Entries provided START

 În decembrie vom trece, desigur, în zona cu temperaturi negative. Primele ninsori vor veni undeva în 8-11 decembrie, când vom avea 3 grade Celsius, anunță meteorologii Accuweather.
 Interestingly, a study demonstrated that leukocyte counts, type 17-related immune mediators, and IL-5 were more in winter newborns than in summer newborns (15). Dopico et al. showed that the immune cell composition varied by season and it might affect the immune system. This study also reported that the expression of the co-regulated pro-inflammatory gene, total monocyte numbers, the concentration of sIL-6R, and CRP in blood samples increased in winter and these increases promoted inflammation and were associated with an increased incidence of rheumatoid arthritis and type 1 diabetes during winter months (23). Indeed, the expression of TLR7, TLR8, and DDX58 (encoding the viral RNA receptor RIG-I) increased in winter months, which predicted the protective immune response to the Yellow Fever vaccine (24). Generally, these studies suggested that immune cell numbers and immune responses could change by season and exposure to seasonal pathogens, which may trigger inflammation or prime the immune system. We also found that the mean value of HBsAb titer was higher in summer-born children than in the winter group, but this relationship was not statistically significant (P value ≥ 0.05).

Entries provided END
Entries provided START

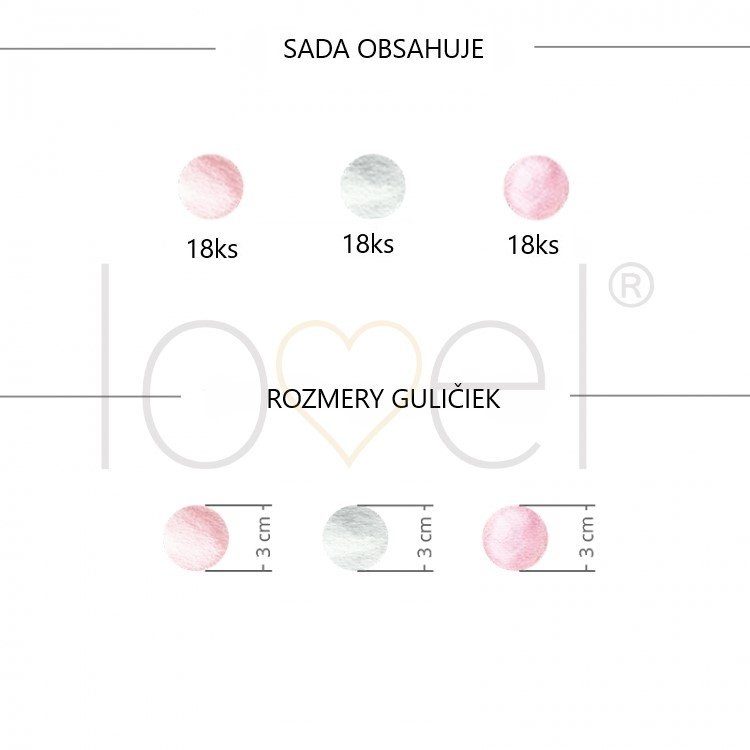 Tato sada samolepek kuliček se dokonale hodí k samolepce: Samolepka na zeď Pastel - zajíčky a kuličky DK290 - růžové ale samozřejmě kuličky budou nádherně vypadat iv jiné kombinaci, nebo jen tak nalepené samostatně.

Entries provided END

• What needs to be done:
I'd like the lines above from the one with "În decembrie vom" up to and including the one with "Interestingly, a study" copied exactly, with no other lines.

• Result of this exercise:
 În decembrie vom trece, desigur, în zona cu temperaturi negative. Primele ninsori vor veni undeva în 8-11 decembrie, când vom avea 3 grade Celsius, anunță meteorologii Accuweather.
 Interestingly, a study demonstrated that leukocyte counts, type 17-related immune mediators, and IL-5 were more in winter newborns than in summer newborns (15). Dopico et al. showed that the immune cell composition varied by season and it might affect the immune system. This study also reported that the expression of the co-regulated pro-inflammatory gene, total monocyte numbers, the concentration of sIL-6R, and CRP in blood samples increased in winter and these increases promoted inflammation and were associated with an increased incidence of rheumatoid arthritis and type 1 diabetes during winter months (23). Indeed, the expression of TLR7, TLR8, and DDX58 (encoding the viral RNA receptor RIG-I) increased in winter months, which predicted the protective immune response to the Yellow Fever vaccine (24). Generally, these studies suggested that immune cell numbers and immune responses could change by season and exposure to seasonal pathogens, which may trigger inflammation or prime the immune system. We also found that the mean value of HBsAb titer was higher in summer-born children than in the winter group, but this relationship was not statistically significant (P value ≥ 0.05).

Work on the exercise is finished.